WORK REQUIRED:
Exactly as written, return every line of the data below apart from the pictures.

DATA BLOCK:
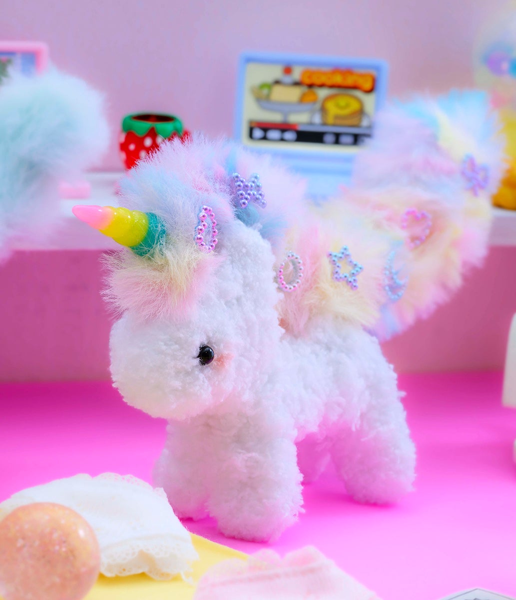 必要なものは全部入り! キットひとつで 「うさぎ」「ユニコーン」「ねこ」「あひる」の4つのもふかわドールが簡単に作れます♪ 付属のミニチュアブラシでかわいくおめかししたら、お気に入りのドールと一緒にお出かけしたくなること間違いなし!
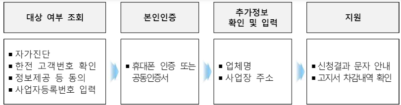 - 대상 : 신청자(혹은 신청자의 사업체(개인사업자/법인사업자)) 명의 전기사용을 계약하여, 신청자(혹은 신청자 사업체) 명의와 한국전력(이하 구역전기사업자 포함) 계약자 명의가 일치하는 경우
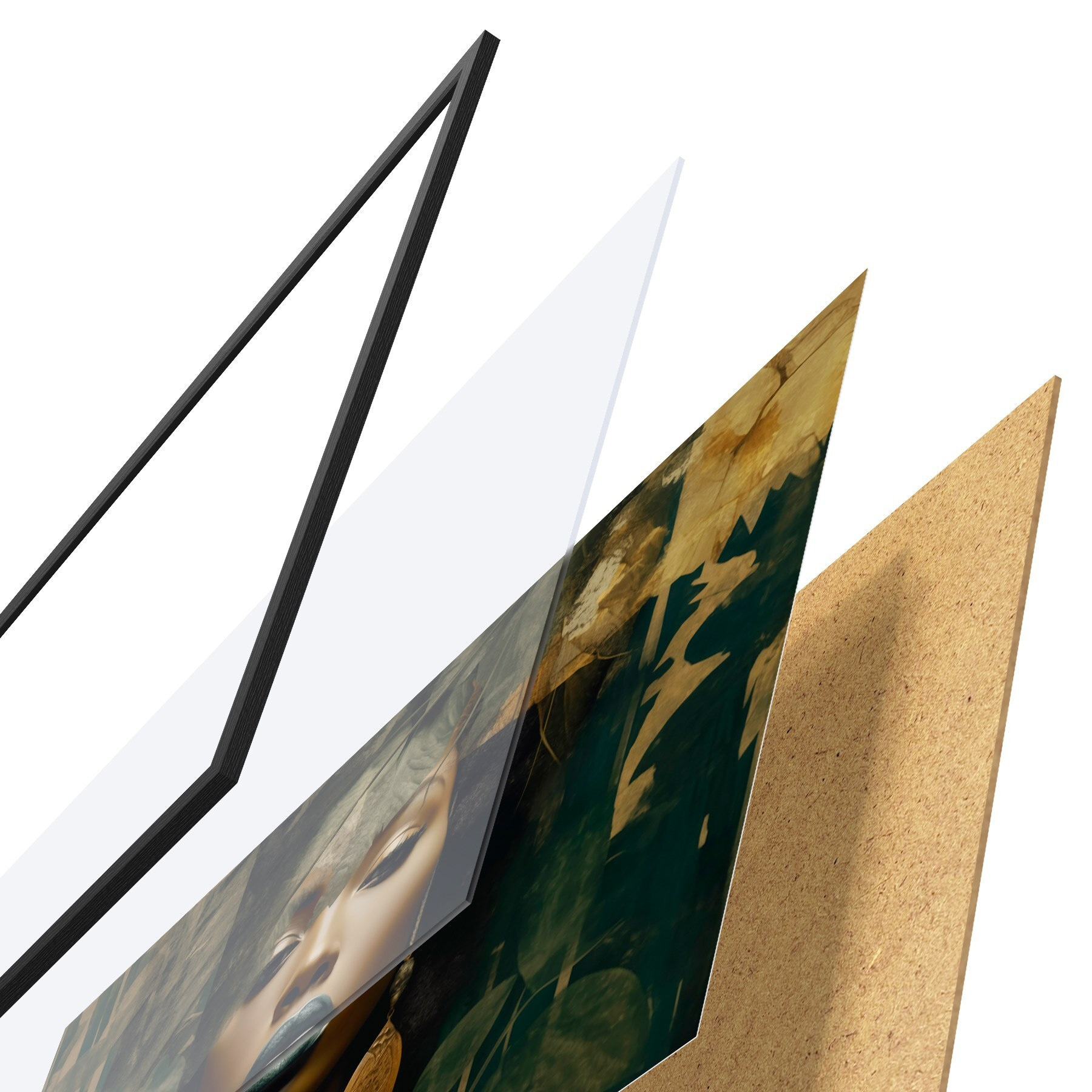 Plakatą sudaro rėmas, pleksiklas, atspausdintas vaizdas ir medžio drožlių plokštės pagrindas. Plakatą galima iš karto pakabinti ant sienos dėl kitoje pusėje esančių laikiklių.

ANSWER:
 必要なものは全部入り! キットひとつで 「うさぎ」「ユニコーン」「ねこ」「あひる」の4つのもふかわドールが簡単に作れます♪ 付属のミニチュアブラシでかわいくおめかししたら、お気に入りのドールと一緒にお出かけしたくなること間違いなし!
 - 대상 : 신청자(혹은 신청자의 사업체(개인사업자/법인사업자)) 명의 전기사용을 계약하여, 신청자(혹은 신청자 사업체) 명의와 한국전력(이하 구역전기사업자 포함) 계약자 명의가 일치하는 경우
 Plakatą sudaro rėmas, pleksiklas, atspausdintas vaizdas ir medžio drožlių plokštės pagrindas. Plakatą galima iš karto pakabinti ant sienos dėl kitoje pusėje esančių laikiklių.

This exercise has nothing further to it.